ParalympicsGB has launched a new campaign to make disabled people Impossible to Ignore to mark one year to go to the start of the Tokyo 2020 Paralympic Games.

The initiative has been developed after recent research showed Paralympic athletes are key to challenging perceptions of disability in the UK.

With a year to go to the Tokyo 2020 Paralympic Games, preparations are ramping up to take the best prepared team to make the nation proud once again by recreating the incredible success of Rio 2016 where the team won 147 medals.

While many qualification events are still to take place, an estimated 250 athletes are tipped to compete for ParalympicsGB in Tokyo including competitors in the new sports of Taekwondo and Badminton.
Research from ComRes* suggests that the success of these athletes may have a direct impact on breaking down barriers, shifting perceptions and increasing opportunities for all disabled people.
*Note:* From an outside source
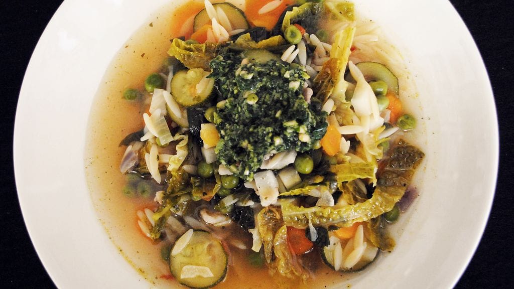 Oheiseen reseptiin käytin jämät juuriselleristä, kurttukaalista, persiljasta, pinaatista, salaatista, sipulista, porkkanoista, tomaatista, riisin muotoisesta pastasta ja kesäkurpitsasta. Lisäksi pakkasesta löytyi pussi herneitä. Ohje toimi mainiosti, mutta niin toimii vähän minkälainen oma sovellus tahansa. Eli suosittelen kurkkaamaan jääkaappiin tai miettimään vihannesosastolla, mistä kaikesta itse voisi tykätä. Voit jättää pekonin pois tai lisätä mukaan lisää lihaa - vaikka tähteitä. Sesongin kunnioittaminen on keiton juju. Toukokuun alussa se on toki hivenen rajallista, mutta pistä ruokalaji korvan taakse kesän satoa varten!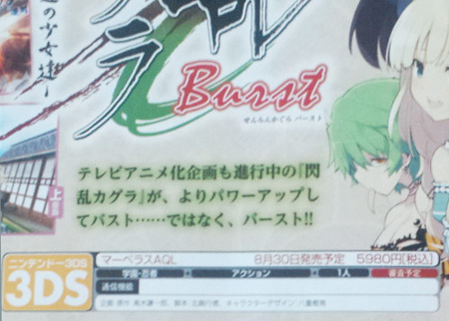 2012年4月28日~29日に千葉県の幕張メッセで開催されるイベント“ニコニコ超会議”のマーベラスAQLブースに、ニンテンドー3DS用ソフト『閃乱カグラ Burst -紅蓮の少女達-』(2012年8月30日発売予定)のコーナーが設けられることが決定した。ブースでは蛇女子学園メンバー5人の立看板がずらっとお出迎えし、さらに各キャラクターに押すとしゃべる秘密のボタンが付いている。喜多村英梨と原田ひとみのビデオメッセージがブースで初公開され、先着でオリジナルBOXティッシュ“僕の秘立蛇女紙”もプレゼント予定だ。

• 84% of UK adults say the achievements of ParalympicsGB athletes have a positive impact on society overall
• 74% of UK adults perceive ParalympicsGB to be an inspirational sports team – more than any of the other teams listed
• 82% of disabled UK adults believe the Paralympic Games provides positive media coverage of disabled people

Nick Webborn, Chair of the British Paralympic Association, said: “This research is the strongest proof yet of the direct link between the success of our talented Paralympic athletes and its wider social benefit. We believe that the success our Paralympic stars achieve on the field of play can be turned into meaningful, long-term action – turning the nation’s cheers into change and those medals into a movement.

“With the great British public’s support, we can help to ensure disabled people are represented throughout society and, like our Paralympic heroes, become Impossible to Ignore.”
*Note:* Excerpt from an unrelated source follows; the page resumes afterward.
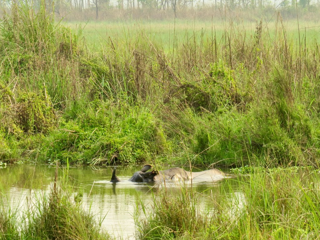 We returned back to the resort for a bite of lunch and a relaxing break where we could swim in the pool and cool down from the now 30 degree heat. By 2:30 however we were back out for more adventures. This time we found ourself in the back of a covered pickup truck and bouncing around the lowland of the park. Spotted deer were scattered all aver the place while the peacocks were putting on their traditional mating season display of feathers. The truck would cross through thick jungle with trees towering over head then open up to low lying grass lands and prime grazing grounds for the one-horned rhino. Our guide spotted two grey figures across the way and his binoculars were a necessity to view these breathtaking creatures. They walked the tree line and slipped back into the forest before we could get any closer. Once rounding the corner we came across a rhino partially submerged with the top of its head and backside out of the water. Before leaving the area no jungle trip would be complete without a visit by some monkeys. The tree tops were full of them as they leapt from branch to branch eating leaves and fruits.

The research follows a poll carried out last year by Scope, the disability and equality charity, which revealed that nearly half of disabled people felt excluded from society.

Mark Hodgkinson, Chief Executive at Scope, said: ““We know the huge power the Paralympic Games has to shift attitudes and change perceptions towards disability. But life is still too tough for disabled people. There are 13.9 million disabled people in Britain and the disability employment gap has been stuck at about thirty percentage points behind for more than a decade. The challenge now is for charities like Scope to work with the British Paralympic Association to maintain this momentum and progress between Games so that all disabled people have everyday equality.”

The ParalympicsGB team at next year’s Games in the Japanese capital can play a pivotal role in helping to challenge those attitudes.

Helene Raynsford, Chair of the Athletes’ Commission at the BPA and a gold medallist at Beijing 2008, said: “This research highlights just how important our athletes are when it comes to changing perceptions towards disability around the UK.”

“While I am delighted to know that the efforts and exploits of British Para athletes has such a positive impact on those around us, I am also aware that there is still work to be done to improve the lives of disabled people across the country. I believe ParalympicsGB can be key to that drive for change.”

In an age where opinions can often be divided, ParalympicsGB also creates one of the highest levels of positive sentiment in conversations about sport on social media, according to analysis from Nielsen Sports.